Identify file formats ● TIMING ~5 min
1| For SNP data available in standard PED and MAP file formats, as in our CG study, follow option A. For SNP data available in standard binary file format, as in our GWA study, follow option B. The instructions provided here are for unpacking the sample data provided as gzipped files at
http://www.well.ox.ac.uk/ggeu/NPanalysis/. If using the .zip files provided as
supplementary Data 1 or
supplementary Data 2, please proceed directly to step 2.
▲
CRITICAL STEP The format in which genotype data are returned to investigators varies according to genome-wide SNP platforms and genotyping centers. We assume that genotypes have been called by the genotyping center, undergone appropriate quality control filters as described in a previous protocol
3 and returned as clean data in a standard file format.
- Standard PED and MAP file format
- Download the file ‘cg-data.tgz’.
- Type ‘tar -xvzf cg-data.tgz’ at the shell prompt to unpack the gzipped .tar file and create files ‘cg.ped’ and ‘cg.map’.
▲
CRITICAL STEP The simulated data used here have passed standard quality control filters: all individuals have a missing data rate of < 20%, and SNPs with a missing rate of > 5%, a MAF < 1% or an HWE
P value < 1 × 10
− 4 have already been excluded. These filters were selected in accordance with procedures described elsewhere
3 to minimize the influence of genotype-calling artifacts in a CG study.
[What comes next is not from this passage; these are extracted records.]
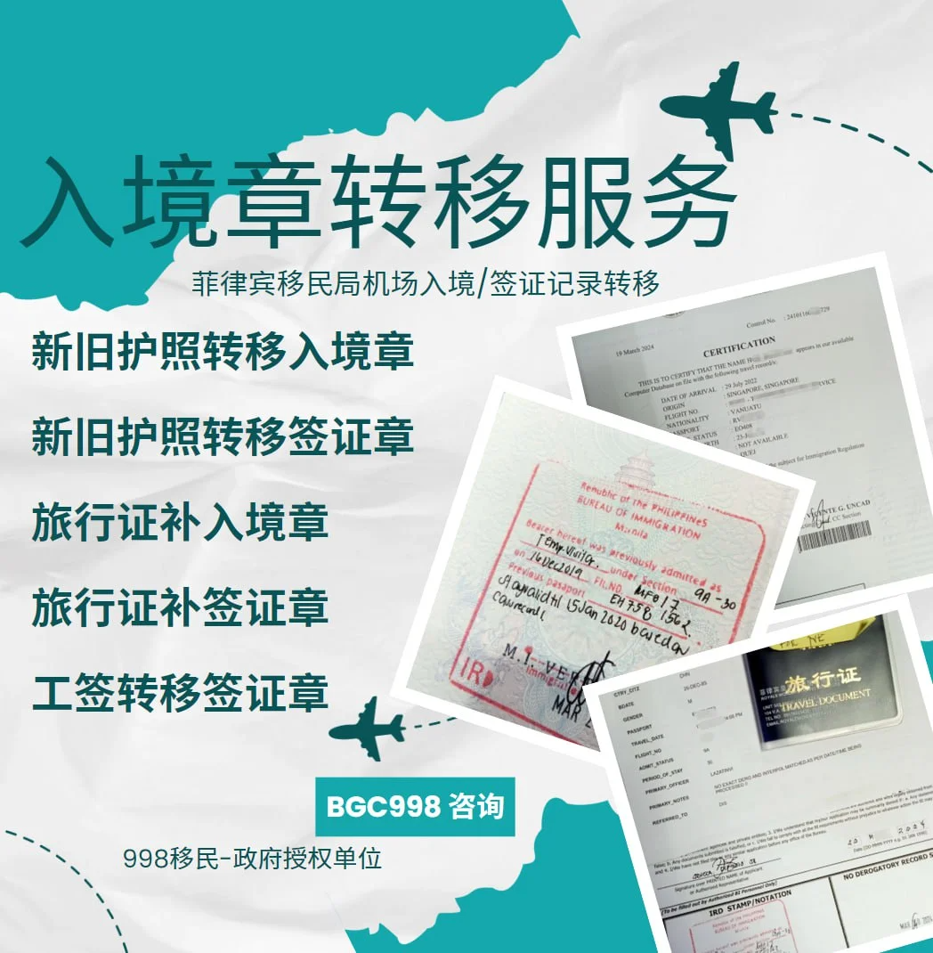 菲律宾移民局要求出入境必须有完整的身份材料才能出入境畅通无阻,一般需要的材料是护照原件,且有效期大于六个月,有菲律宾的ICARD 身份证,合法的身份证才能顺利进出菲律宾,护照上该有有效签证贴纸或者印章,持有有效签证的批文 order,所以丢失护照,新旧护照一起用的 需要去转移签证记录章和入境记录章,丢失ORDER的需要补办order,丢失ICARD 也需要补办ICARD ,有需要的可以联系我们, 需要更多信息和咨询请联系我们,微信:BGC998 电报 @WOW888 或 @BGC998 由于业务咨询量比较多,为了节约您的宝贵时间,咨询请主动告知咨询业务和问题,菲律宾998华人顾问 是菲律宾MAKATI 实体注册公司,在菲律宾已经有超过18年服务经验,客户 隐私安全保护服务可靠,业务提交可以安排工作人员上门取件或前往我们办公室提交 。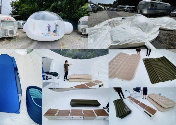 そして、2024年10月に国際宇宙会議(IAC 2024)で国際論文として発表した「日本におけるASTRAX月面シティ模擬施設の構築2024」に則って、月面基地模擬施設の共同活動エリアである部分をエアドーム、エアベッド、折りたたみ式テーブル、エアバスタブ、簡易トイレ、バッテリー、収納ボックスを用いて組み立てを行いました。またエアドーム内の温度と気圧確認のため、日本の真夏の気候の中で1日設置する実験を行いました。同時に、空間的に最大6名まで滞在可能であることを確認しました。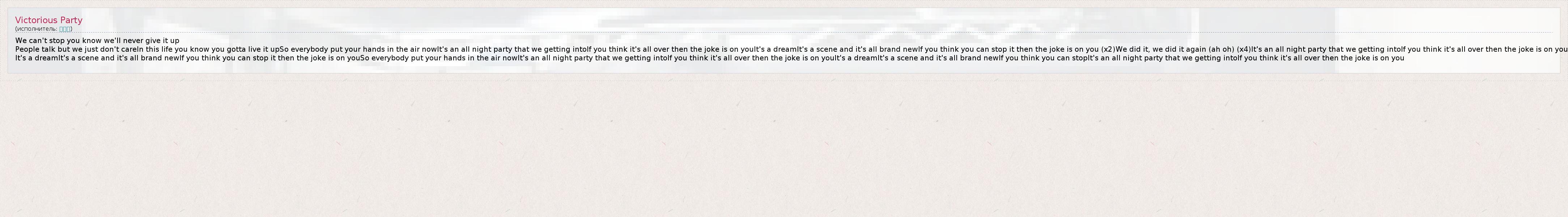 А как ты думаешь, о чем песня "Victorious Party" ?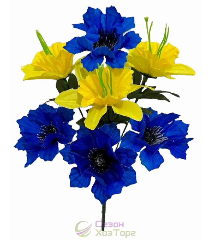 Букет искусственных нарциссов и васильков Украина 35см (№6140)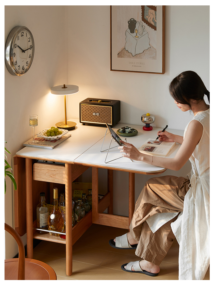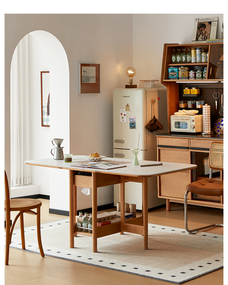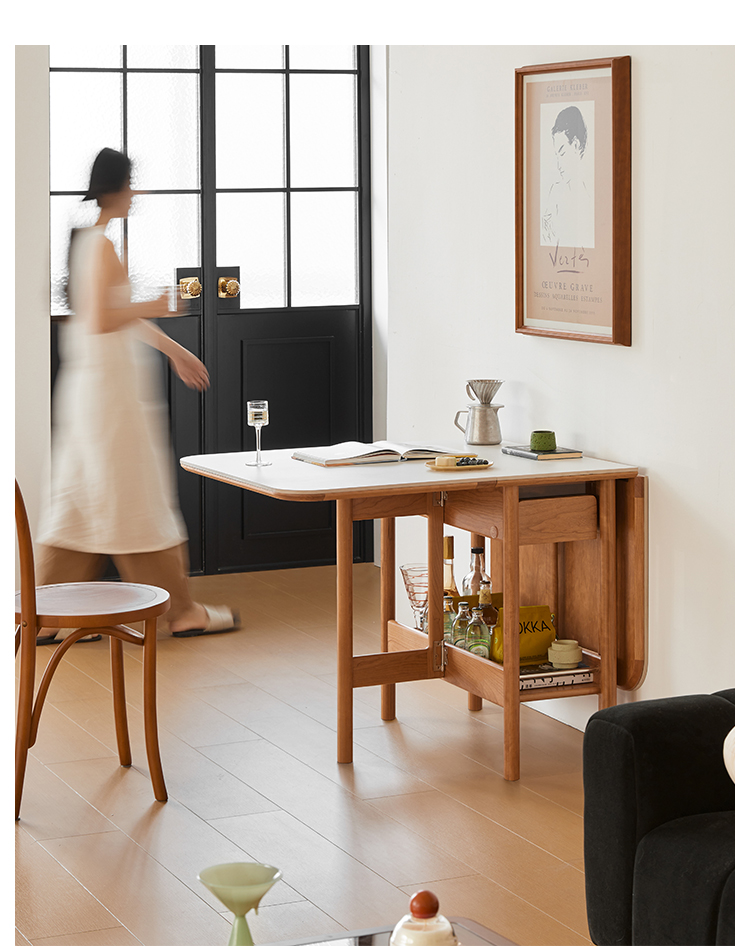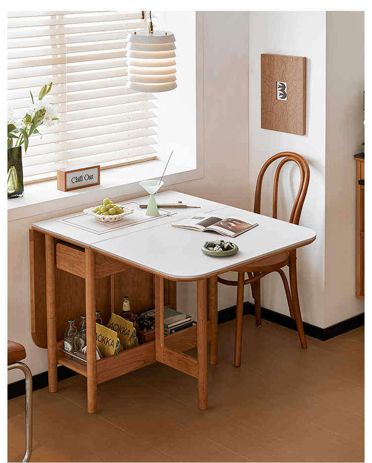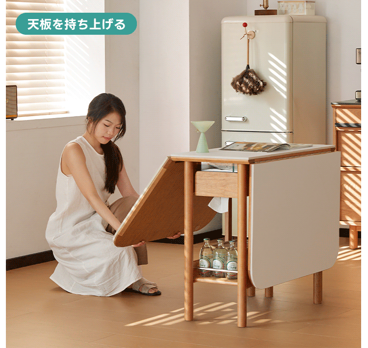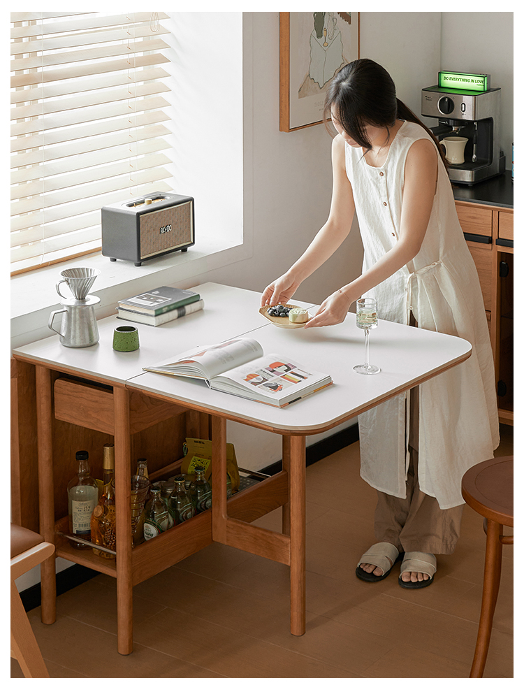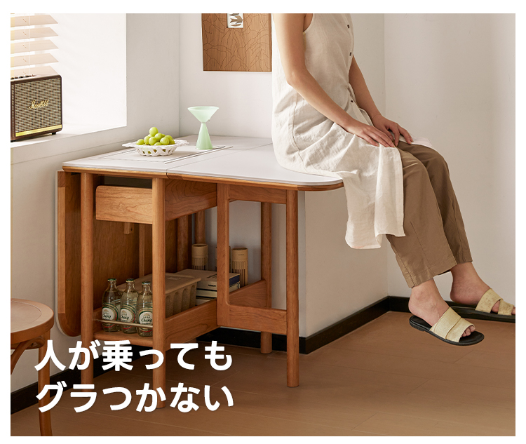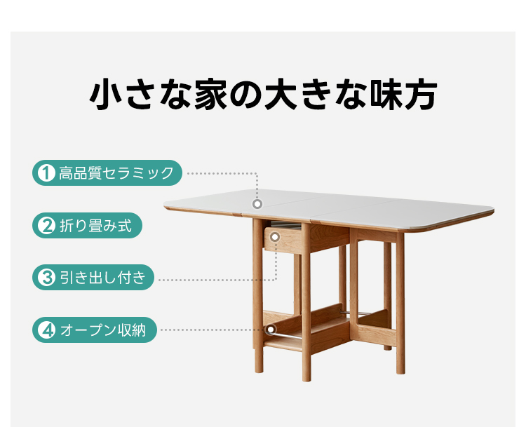 - 【省スペース設計で多様なシーンに対応】折り畳み可能なデザインにより、幅44cmまでコンパクトに収納可能。スペースを取らず、一人暮らしやカップル、ファミリーのダイニングに最適です。3ステップで簡単に展開でき、日常使いに便利です。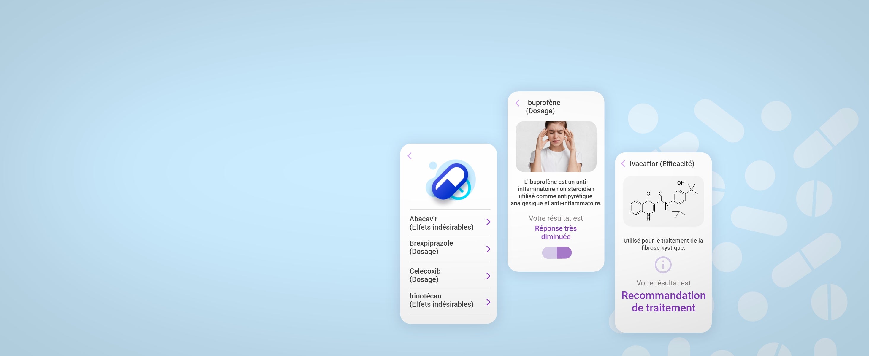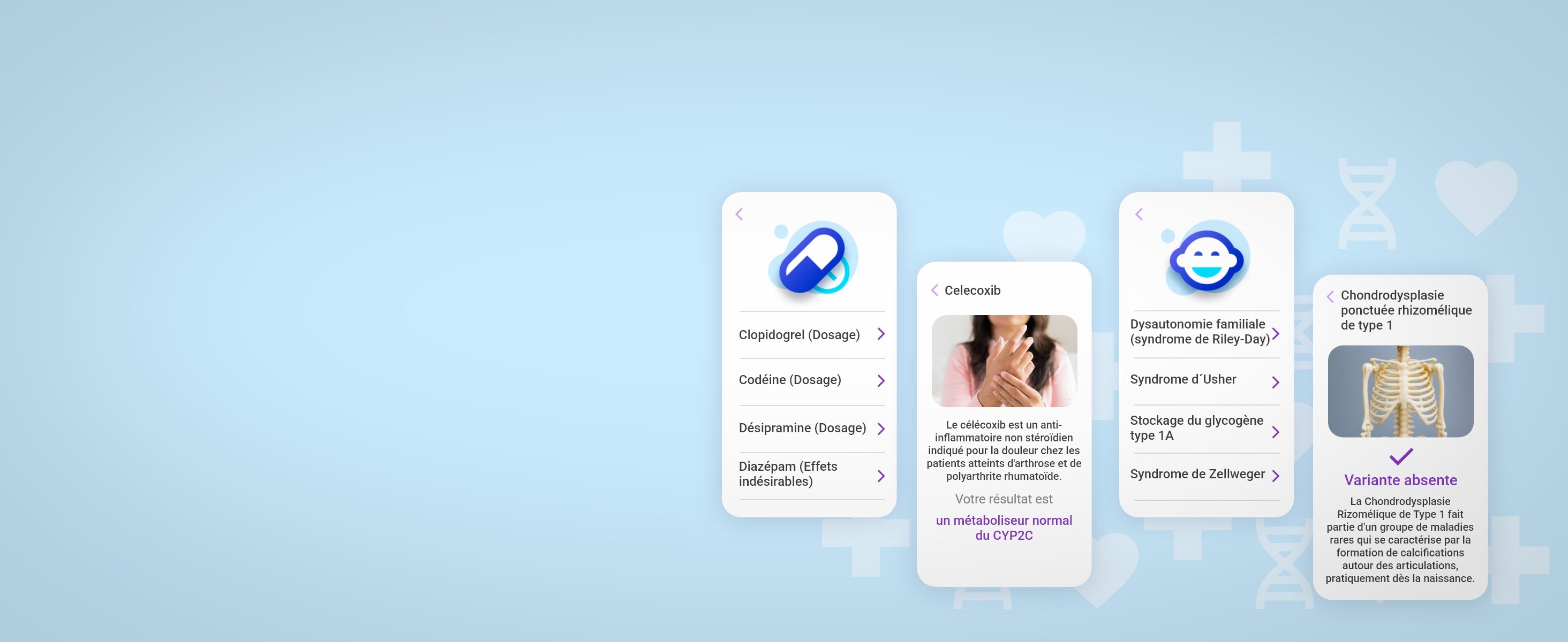 Apprenez comment votre corps réagit à plus de 95 médicaments courants. Grâce à l'analyse pharmacogénétique, vous saurez quelle est votre compatibilité avec les médicaments et différents traitements médicaux, permettant à votre médecin de personnaliser votre traitement pour éviter les effets secondaires et améliorer son efficacité.

- Standard binary file format
- Download the file ‘gwa-data.tgz’.
- Type ‘tar -xvzf gwa-data.tgz’ at the shell prompt to unpack the gzipped .tar file and obtain the standard binary files ‘gwa.bed’, ‘gwa.bim’ and ‘gwa.fam’ and the covariate file ‘gwa-covar.’
▲
CRITICAL STEP Optimized binary BED files contain the genotype information and the corresponding BIM/FAM files contain the map and pedigree information. The binary BED file is a compressed file that allows faster processing in PLINK and takes less storage space, thus facilitating the analysis of large-scale data sets
32.
▲
CRITICAL STEP The simulated data used here have passed standard quality control: all individuals have a missing data rate of < 10%. SNPs with a missing rate > 10%, a MAF < 1% or an HWE
P value < 1 × 10
− 5 have already been excluded. These filters were selected in accordance with procedures described elsewhere
3 to minimize the influence of genotype-calling artifacts in a GWA study.
? TROUBLESHOOTING
Basic descriptive summary ● TIMING ~5 min
2| To obtain a summary of MAFs in case and control populations and an estimate of the OR for association between the minor allele (based on the whole sample) and disease in the CG study, type ‘plink --file cg --assoc --out data’. In any of the PLINK commands in this protocol, replace the ‘--file cg’ option with the ‘--bfile gwa’ option to use the binary file format of the GWA data rather than the PED and MAP file format of the CG data.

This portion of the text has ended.